Here are the records. Write out exactly the lines between the one holding "Figure 4. Artificial" and the one holding "Once you’ve clicked", inclusive.

Start of Source data

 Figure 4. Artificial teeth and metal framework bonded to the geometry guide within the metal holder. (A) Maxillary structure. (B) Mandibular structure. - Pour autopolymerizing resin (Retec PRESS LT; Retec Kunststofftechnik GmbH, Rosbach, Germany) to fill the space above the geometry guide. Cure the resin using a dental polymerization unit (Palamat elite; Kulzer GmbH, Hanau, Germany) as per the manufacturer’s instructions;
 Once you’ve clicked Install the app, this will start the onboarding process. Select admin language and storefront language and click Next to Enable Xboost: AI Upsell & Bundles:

End of Source data
Start of Source data

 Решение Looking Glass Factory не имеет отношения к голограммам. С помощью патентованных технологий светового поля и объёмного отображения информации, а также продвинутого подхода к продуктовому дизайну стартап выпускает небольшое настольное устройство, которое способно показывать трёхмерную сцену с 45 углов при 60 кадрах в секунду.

End of Source data
Start of Source data

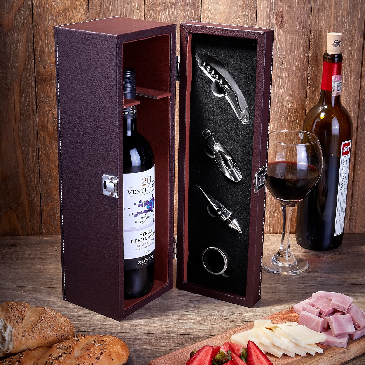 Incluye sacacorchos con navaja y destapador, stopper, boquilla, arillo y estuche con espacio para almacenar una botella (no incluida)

End of Source data

**Task result**
 Figure 4. Artificial teeth and metal framework bonded to the geometry guide within the metal holder. (A) Maxillary structure. (B) Mandibular structure. - Pour autopolymerizing resin (Retec PRESS LT; Retec Kunststofftechnik GmbH, Rosbach, Germany) to fill the space above the geometry guide. Cure the resin using a dental polymerization unit (Palamat elite; Kulzer GmbH, Hanau, Germany) as per the manufacturer’s instructions;
 Once you’ve clicked Install the app, this will start the onboarding process. Select admin language and storefront language and click Next to Enable Xboost: AI Upsell & Bundles:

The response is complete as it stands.